• **SUPPLIED MATERIAL**:
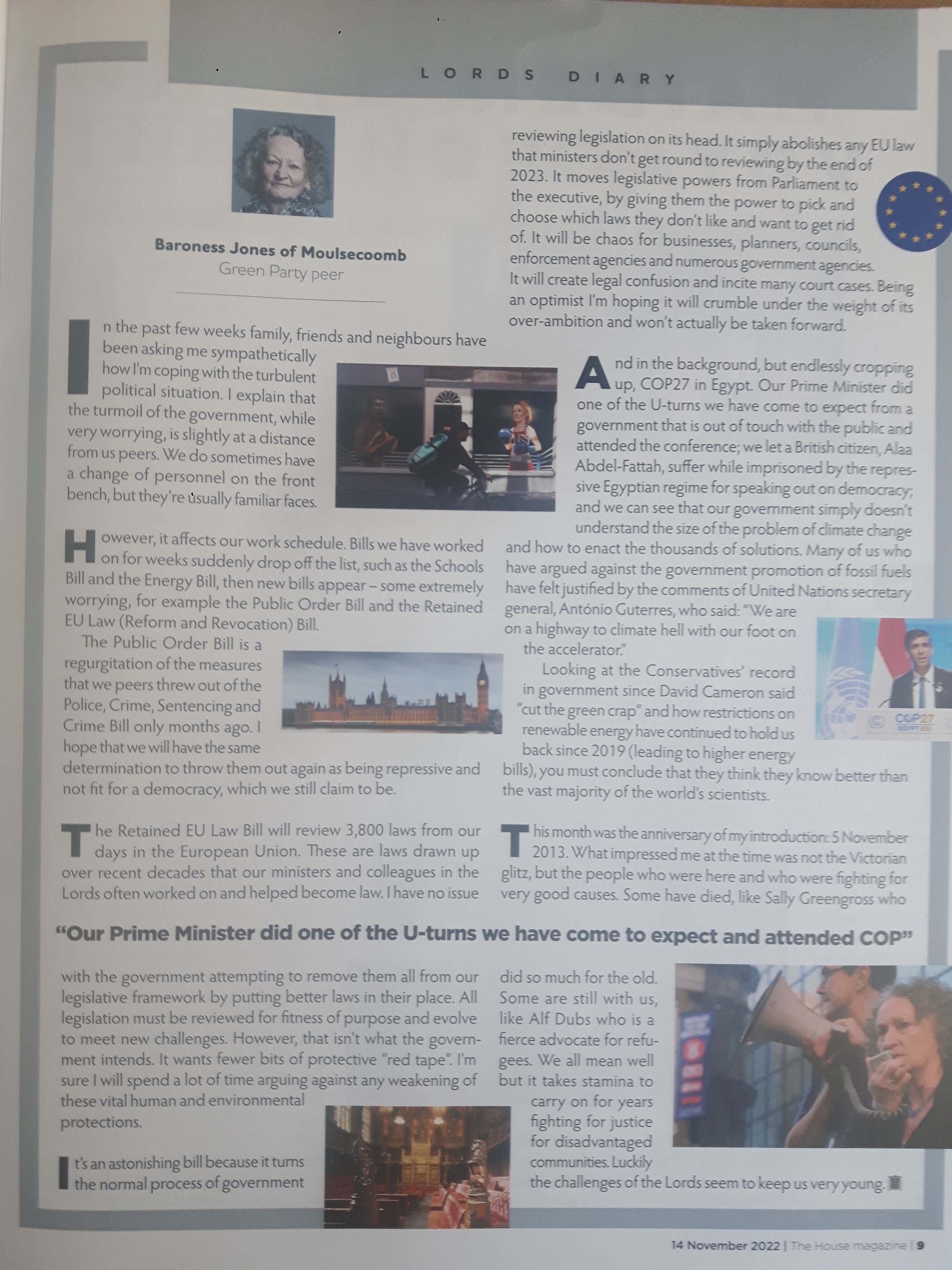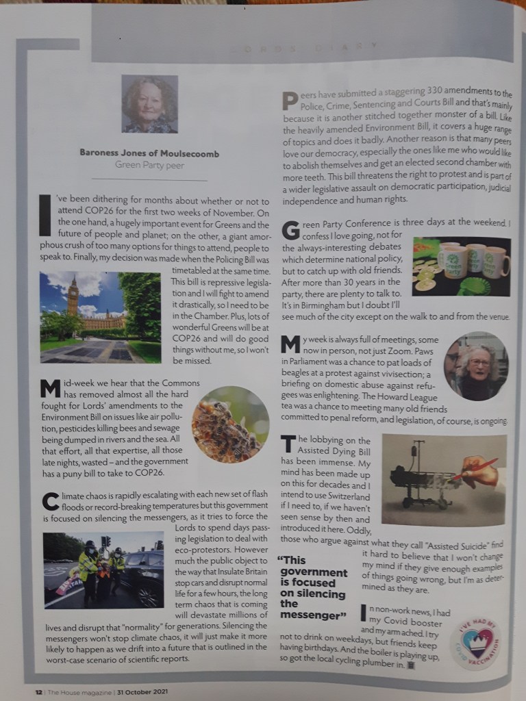 Friday In between putting out a beer trap for slugs to keep them away from our early peas, picking the last raspberries from the allotment, and chatting to neighbours, I daydream about having another Green peer (or several). With 1m votes at the last General Election, yet only one MP elected, if the Government won’t bring in Proportional Representation it could at least give us more peers.
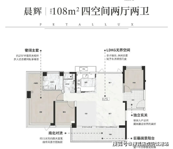 高效使用率:户型面积从75至108平方米不等,三至四房设计,最高使用率达120%,最大化利用空间。
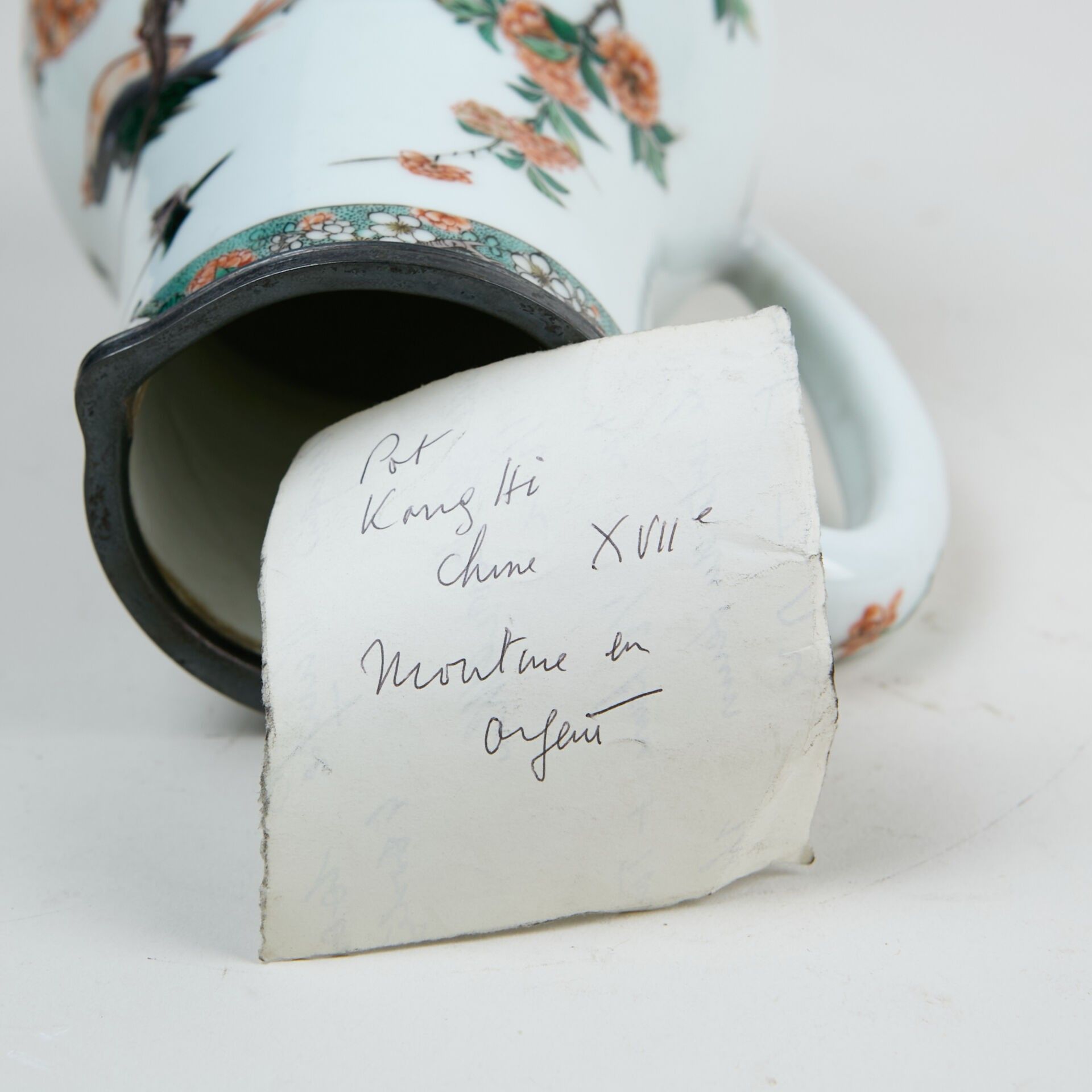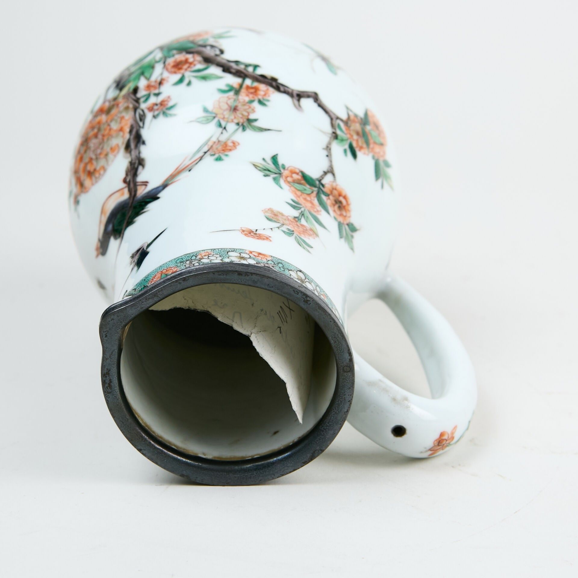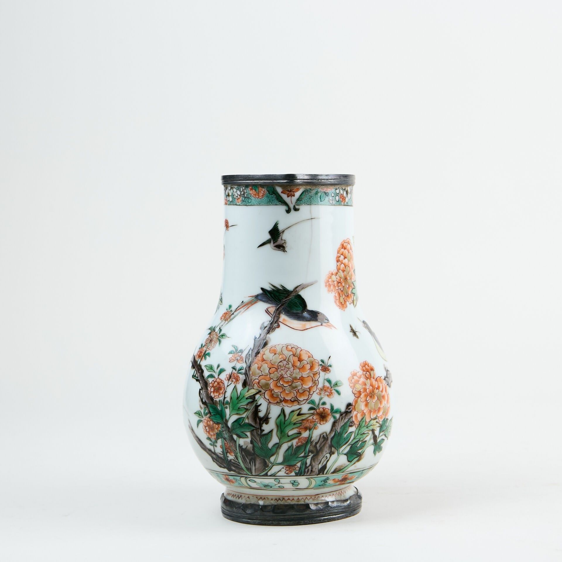 Porcelain baluster jug decorated with green family enamels of birds and flowers.
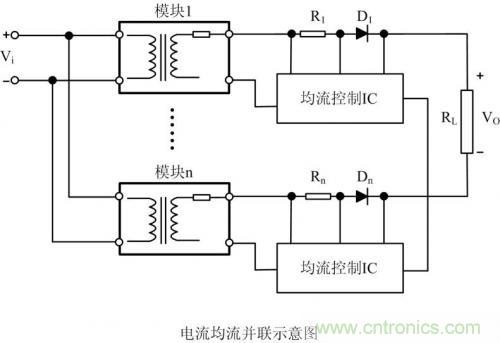 如果兩個模塊的參數(shù)完全相同時,即:VO1(max)= VO2(max)、R1=R2,則兩條負載特性曲線重合,能實現(xiàn)負載電流均勻分配。但在實際應用中,兩個具有相同容量的模塊,VO1(max)與VO2(max)、R1與R2的參數(shù)也不可能完全做到相同。從圖 2可以看出,由于輸出到負載RL的等效阻抗R1、R2很小,輸出電壓即便出現(xiàn)很小的差別也會引起輸出電流很大的變化。例如:當負載RL電流由IO= IO1+ IO2增大到IO、=IO1、+IO2、時,負載特性曲線斜率小的模塊1將承受大部分負載電流,模塊1將運行在滿載或過載限流狀態(tài),影響模塊的可靠性。
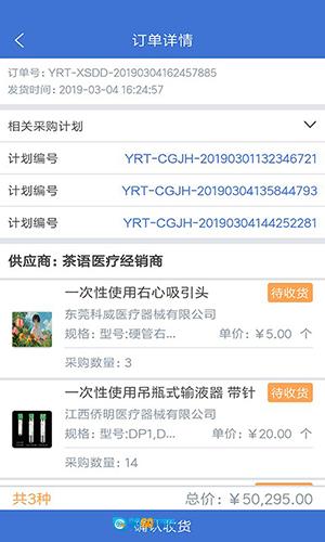 2、到货验收环节:通过扫描运输包装上的二维码来核对产品的批次信息,完成在线签收操作后,系统会自动对库存数据以及财务应付账款进行更新。
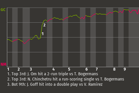 2 (3, 3rd Inning off S. Brennan, 1 on, 1 out; 9th Inning off R. Martin, 1 on, 0 outs)
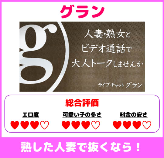 GRAN | 30代~50代 | ・音声通話:22pt(220円)/分 ・ビデオ通話の料金:26pt(260円)/分 | ★★★★★ | ★★★★☆ |
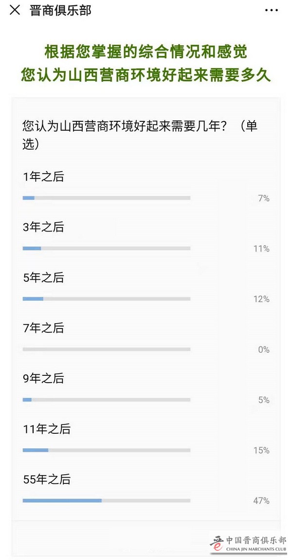 山西省的营商环境优化需要多少年,微信公众号“晋商俱乐部”上的网络投票调查还在进行中【点击这里参加投票】,目前的投票调查结果如下图:
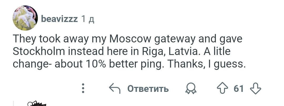 NaxrenApm #29557 17 ноября Ну у меня мск пинг 0, а стокгольм 70-80 такое себе на замену. Пришлось на предиктив перейти. Мск, мгтс. Цитата Поделиться сообщением Ссылка на сообщение
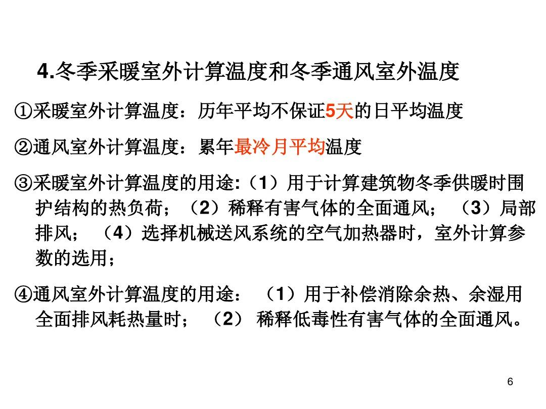 《规范》规定供暖室外计算温度取冬季历年平均不保证5天的日平均温度;冬季通风室外计算温度取累年最冷月平均温度。供暖室外计算温度用于建筑物供暖系统供暖时计算围护结构的热负荷,以及用于计算消除有害污染物通风的进风热负荷。冬季通风室外计算温度用于计算全面通风的进风热负荷。
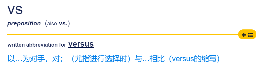 VS是英文单词 versus[ˈvɜːsəs] 的简写
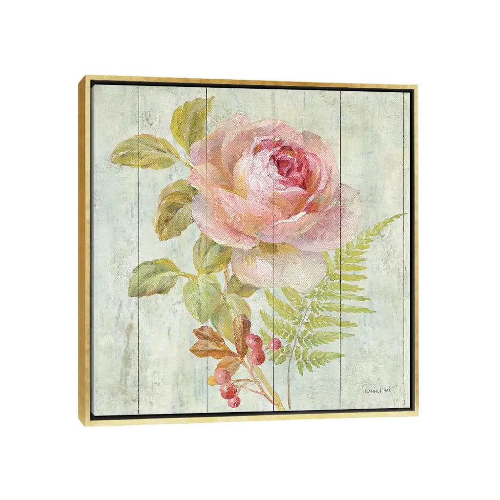 Icanvas "Natural Flora I" By Danhui Nai Framed - Gold - 26x26
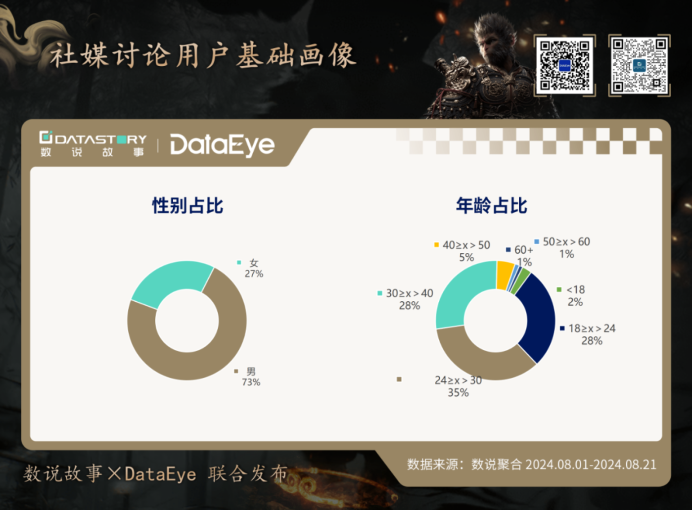 从社媒讨论用户数据来看,关注 《黑神话:悟空》 的用户中,男性占比约为 73%,女性则为 27%。从年龄层来看,24-29 岁用户占比最高,约为 35%,此阶段为 Z 世代人群,是 「互联网土著」,也是 「社会新人」,刚入社会的他们对娱乐性强且解压的游戏兴致高,且消费能力也刚好承担得起;而 18-23 岁和 30-39 岁用户占比均为 28%。
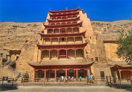 莫高窟位于甘肃省敦煌市,河西走廊的尽头。石刻造像前后延续了近一千年,这在我国石窟艺术史上是绝无仅有的。其洞窟、彩塑、壁画之多,艺术价值之高,在世界上都属罕见。并由此衍生出了一门学科“敦煌学”。莫高窟与大同云冈石窟,洛阳龙门石窟,天水麦积山石窟并称为“四大石窟”。早在1987年,就被列入了世界文化遗产名录。
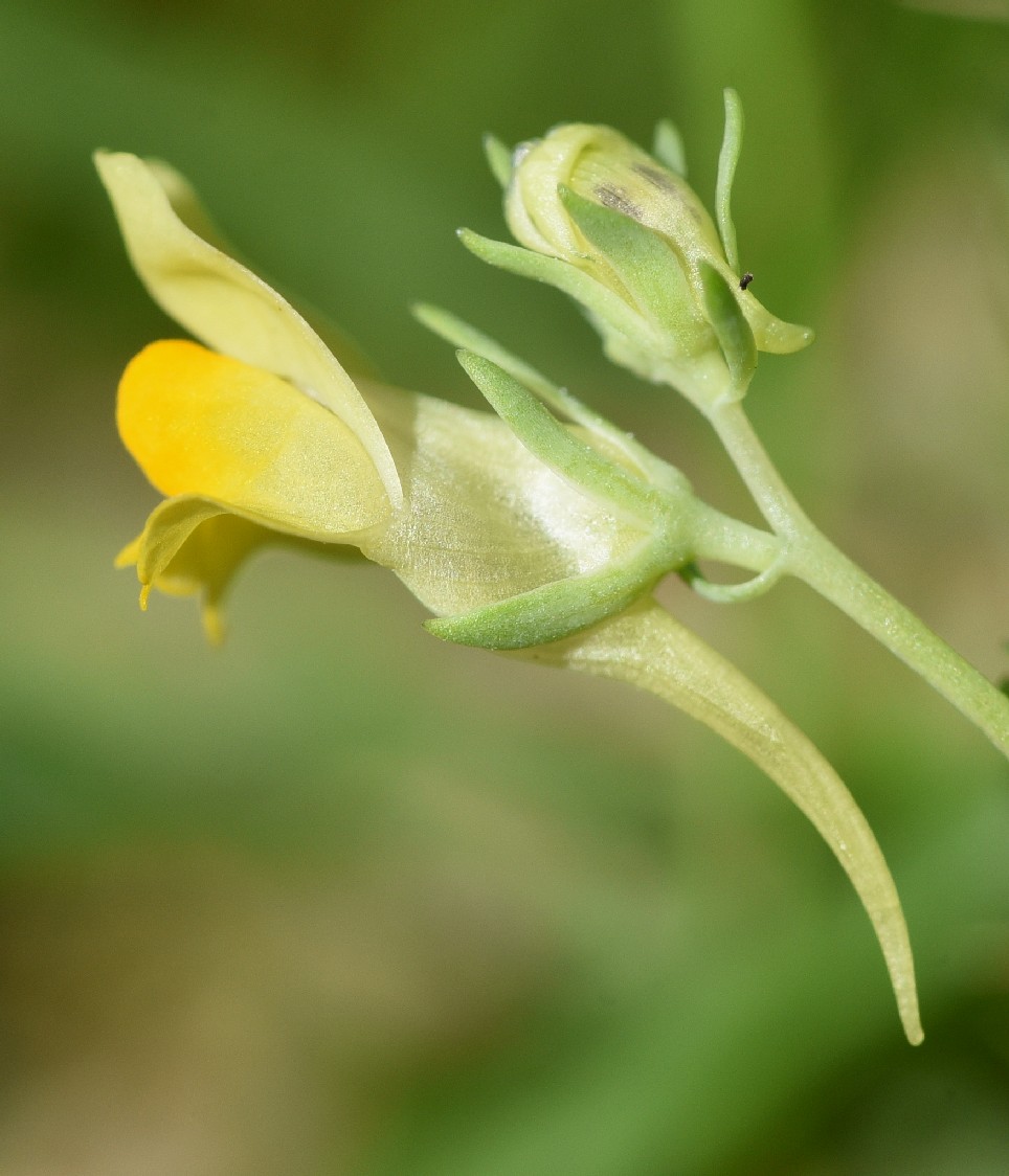 Blüten gelb, weiß oder rosa, ohne deutliche violette Adern, 12 - 20 mm groß, Kronröhre 2 - 4 mm breit, Sporn 5 - 9 mm lang, 1 - 2 mm breit, gerade oder schwach gekrümmt, gelb oder rötlich, ca. so lang wie der Rest der Blüte

• **TASK INSTRUCTIONS**:
Your answer must be exactly the lines from the one with "从社媒讨论用户数据来看,关注 《黑神话:悟空》 的用户中,男性占比约为" through the final line of the data, with no pictures in it.

• **RESULT**:
 从社媒讨论用户数据来看,关注 《黑神话:悟空》 的用户中,男性占比约为 73%,女性则为 27%。从年龄层来看,24-29 岁用户占比最高,约为 35%,此阶段为 Z 世代人群,是 「互联网土著」,也是 「社会新人」,刚入社会的他们对娱乐性强且解压的游戏兴致高,且消费能力也刚好承担得起;而 18-23 岁和 30-39 岁用户占比均为 28%。
 莫高窟位于甘肃省敦煌市,河西走廊的尽头。石刻造像前后延续了近一千年,这在我国石窟艺术史上是绝无仅有的。其洞窟、彩塑、壁画之多,艺术价值之高,在世界上都属罕见。并由此衍生出了一门学科“敦煌学”。莫高窟与大同云冈石窟,洛阳龙门石窟,天水麦积山石窟并称为“四大石窟”。早在1987年,就被列入了世界文化遗产名录。
 Blüten gelb, weiß oder rosa, ohne deutliche violette Adern, 12 - 20 mm groß, Kronröhre 2 - 4 mm breit, Sporn 5 - 9 mm lang, 1 - 2 mm breit, gerade oder schwach gekrümmt, gelb oder rötlich, ca. so lang wie der Rest der Blüte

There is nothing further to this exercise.